Sounds like you cut it when it was still warm out of the oven. Even though its super tempting to eat it when it is still steamy out of the oven this will make it go stale faster. wait for it to cool to room temp before cutting it.

Ascorbic acid - litraly vitamin C. It stops one of the main mechanisms of staling, called retrogradation. This is when the water molecules that are separating the starch from forming long chains fall out (dehydrogenate/degelatinisation) and allow it to recrystalise with other sugars in the bread.
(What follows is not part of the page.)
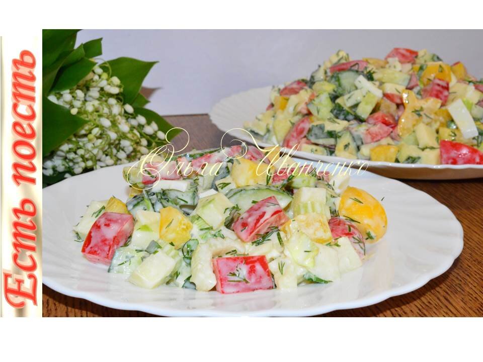 Салат "Весеннее настроение" с заправкой на основе йогурта - невероятно сочный и полезный, что обуславливается входящими в его состав овощами и зеленью. Пикантность блюду придает яблоко. А заправка на основе классического йогурта делает вкус более мягким. Ингредиенты: огурцы - 2 шт. перец болгарский - 1 шт. яблоко зеленое - 1 шт. сельдерей - 1-3 стебля, яйца вареные - 2 шт. зеленый лук , петрушка, укроп , соль . Заправка йогурт классический - 3-4 ст.л, масло растительное - 1-2 ст.л, горчица по вкусу , соль по вкусу , сахар по вкусу . Для заправки смешать все ингредиенты, отставить в сторону. Порезать овощи, очищенное яблоко и яйца кусочками желаемой формы, не мелко. Добавить резанную зелень и заправку, размешать. Приятного аппетита!

The more gluten in your bread, the slower it will go stale. So longer knead/higher protein flour.

>>9380025
Fat does also help with the bread going stale. But 1 tbs will make a slightly noticeable difference to the dough imo. Fats will also "lubricate" the gluten in the bread. Think of gluten as a rubber in the bread, its made up of two types of protien that are like long stretchy pubic hairs all tangled up. The more you knead the dough the more you develop the gluten and the more there is, but triglycerides (fats) will let the protien strands that make up gluten slide past each other. So your rubber becomes less like a hard bouncy ball, and more like strechy gum. One tbs will change it a bit, but give it a try.

Do you have anymore crumb shots? Also whats your recipe.

Btw that looks pretty freaking good, especially for a first attempt.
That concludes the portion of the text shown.